1) your basic French vocabulary about terrorism
2) graphic showing love for France
3) my response to the horror of yesterday’s attack
Basic French vocabulary about terrorism:
la fête de la liberté – freedom celebration (July 14)
la fête du quatorze juillet – Bastille Day
le cauchemar > la nuit cauchemardesque – nightmare > a horrific night
l’attaque (f) 0
un camion – truck
écraser > tuer
Le/s coup/s de feu est/sont tiré/s – The shot/s was/were fired
la trajectoire délibérée – the deliberate path
le meurtrier abattu – the killer shot
le chauffeur – the driver (different from English)
la mort > le mort, la morte, les morts – death, the dead man, the dead woman, the dead (pl)
la Promenade des Anglais – the most touristic site of Nice, along the ocean, site of killing.
J’ai eu peur. – I was afraid.
Je suis hébété/e, Je suis sidéré/e – I am dazed/ flabbergasted
Tout le monde crie, pleure – Everyone is screaming [not crying], crying. (crier / pleurer)
Les gens tombent – People are falling.
Le drapeau est en berne – The flag is at half-mast.
le bilan: 84 morts – bottom line: 84 dead people
Des victimes sont de toutes les origines et de tous les âges – The victims are of all origins and all ages
I was wearing a French Revolution Bicentennial t-shirt all day when I heard and watched the horrific news.
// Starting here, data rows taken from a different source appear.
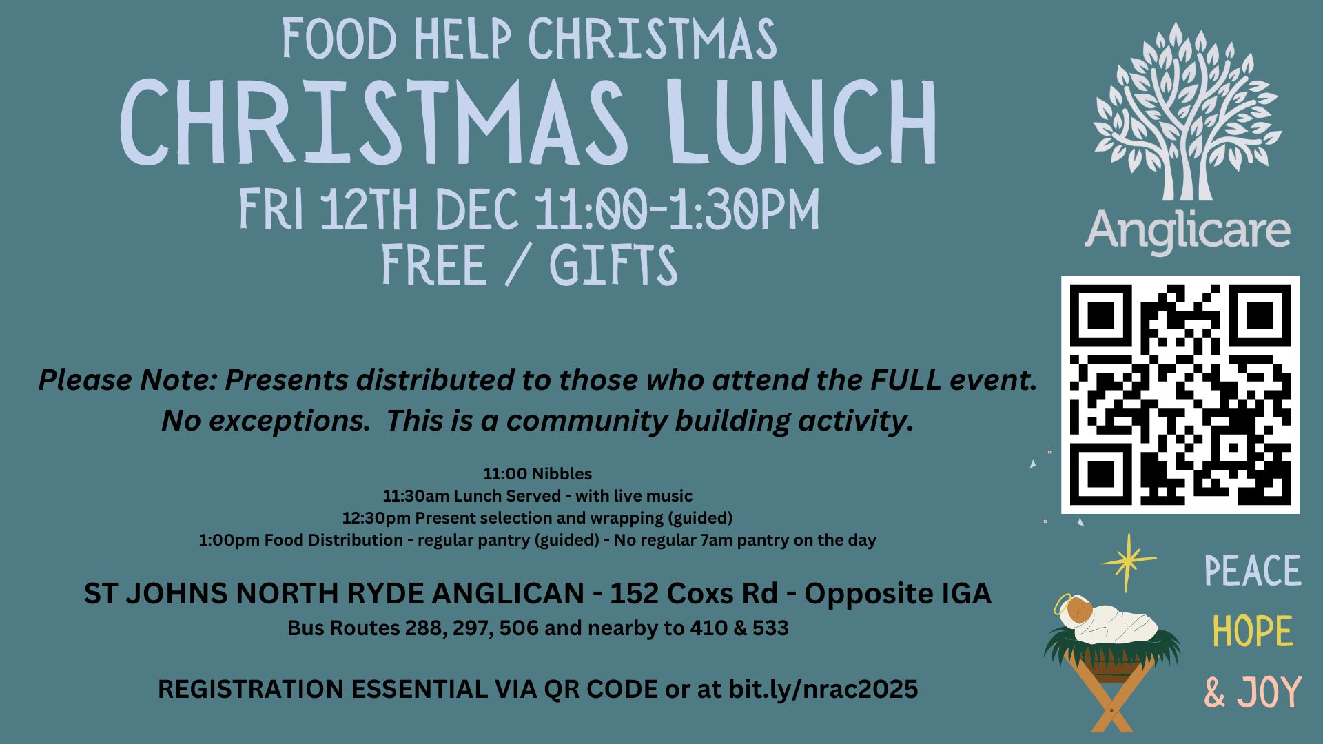Free Registration for Food Help Christmas Lunch 2025 - Fri Dec 12th 11am-1:30pm
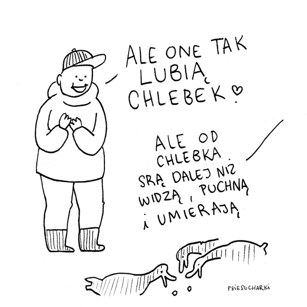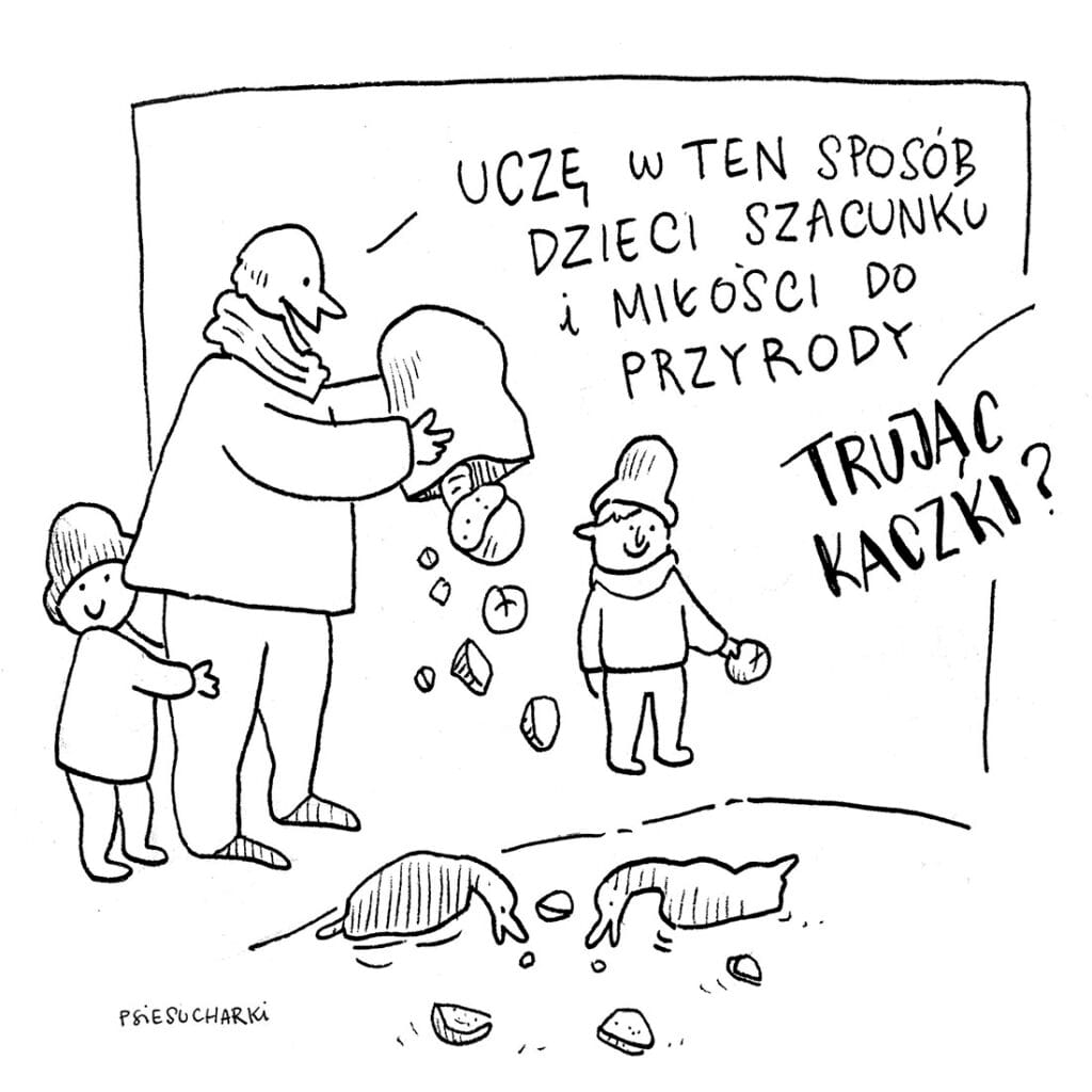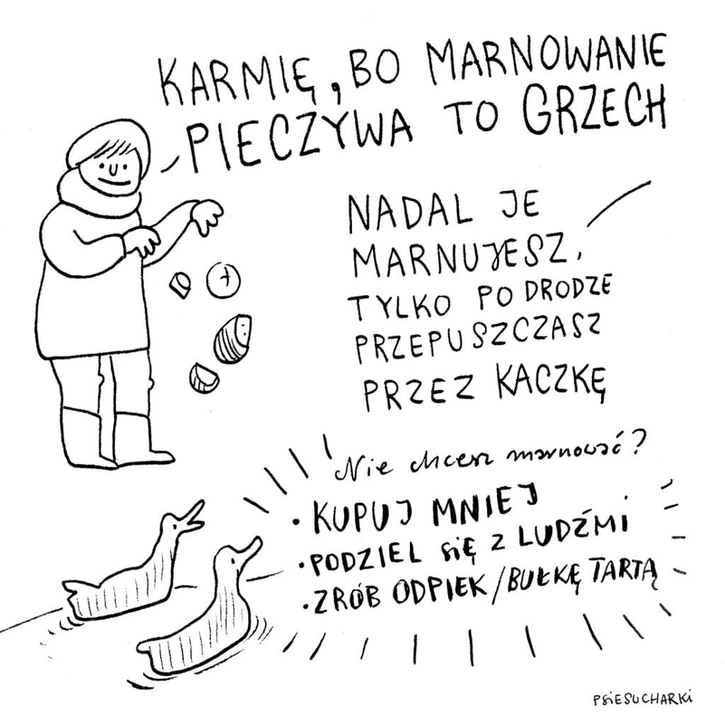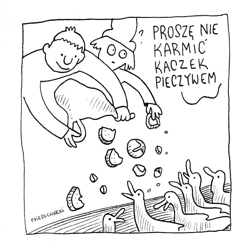 Kaczki, łabędzie, łyski kochają chlebek. Od chlebka cierpią i żegnają się z życiem. Żaden powód nie jest dobry, by szkodzić ptakom wodnym. Nie karm ptaków pieczywem. Reaguj, gdy robią to inni. Sprzątaj pieczywo z brzegu.
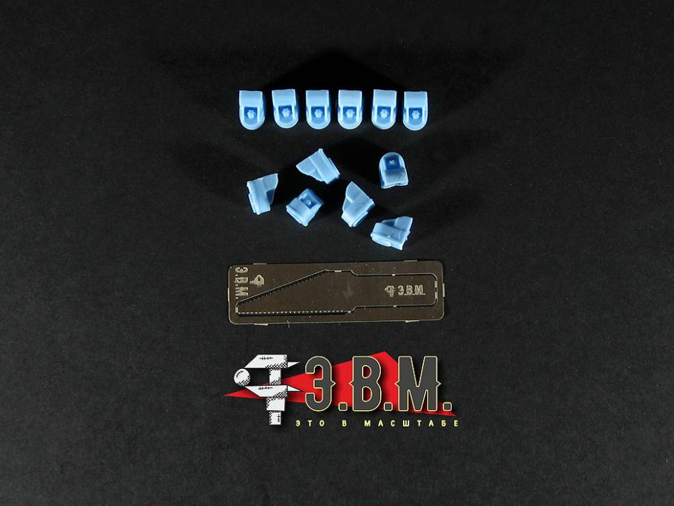 Такие отбойники ставились на все танки и САУ с (примерно) августа 44-го года и до конца производства, на корпуса всех заводов. Набор универсальный, подходит для сборной модели ИС-2 любого производителя. Набор так же включает пилку для отделения детали от литьевой прибыли.

It made me really want to go shout our support out for France, who, coming to the end of a 3-month State of Emergency, just had to prolong it for 3 more months. The French Library/Alliance française of Boston held its annual Bastille Day party here right here on our block – with vigor, loud music, lots of children and more police protection than it’s ever had before.